The environment is where the economics becomes executable. In this project, that translation had to satisfy two constraints at once. It had to remain faithful to the strategic structure of Cournot and Bertrand competition, and it had to run fast enough to support large experimental grids across algorithms, information structures, firm counts, and random seeds. That second constraint is why the multi-agent environments were implemented around JAX.

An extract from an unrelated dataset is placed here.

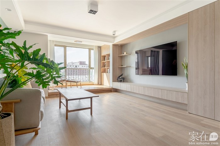 电视柜采用了定制的形式,这样和边上的落地收纳柜正好成为一个整体。中间部分没有落地,做了悬挂处理,下面加了灯带,光线暗的时候,打开既是辅助光源也使电视柜没有那么笨重。

The design is not “everything in JAX” and not “pure Python with some vectorization.” It is a hybrid architecture. The public environment remains a plain Python class with a simple RL interface: reset(), step(), benchmarks(), and counterfactual helpers used in evaluation. Inside that class, the market-clearing arithmetic is delegated to small JAX kernels that are compiled once and then reused. This separation keeps the code readable at the interface level while moving the heavy numerical work into compiled functions.

Why JAX Here

The computational bottleneck appears when all firms learn simultaneously. In that setting, every training step requires repeated market clearing, reward computation for all agents, and counterfactual profit evaluation for equilibrium diagnostics. The same arithmetic is executed thousands or millions of times.

JAX is useful in exactly that regime. The environment dynamics are deterministic array transformations: clip actions, aggregate quantities or prices, compute market outcomes, and return profits. These are the kinds of functions that benefit from jit compilation because the control flow is simple and the shape structure is stable across steps. The point is not only raw speed. It is reducing the cost of repeated evaluation enough that the experimental design remains broad instead of collapsing into a handful of seeds or short runs.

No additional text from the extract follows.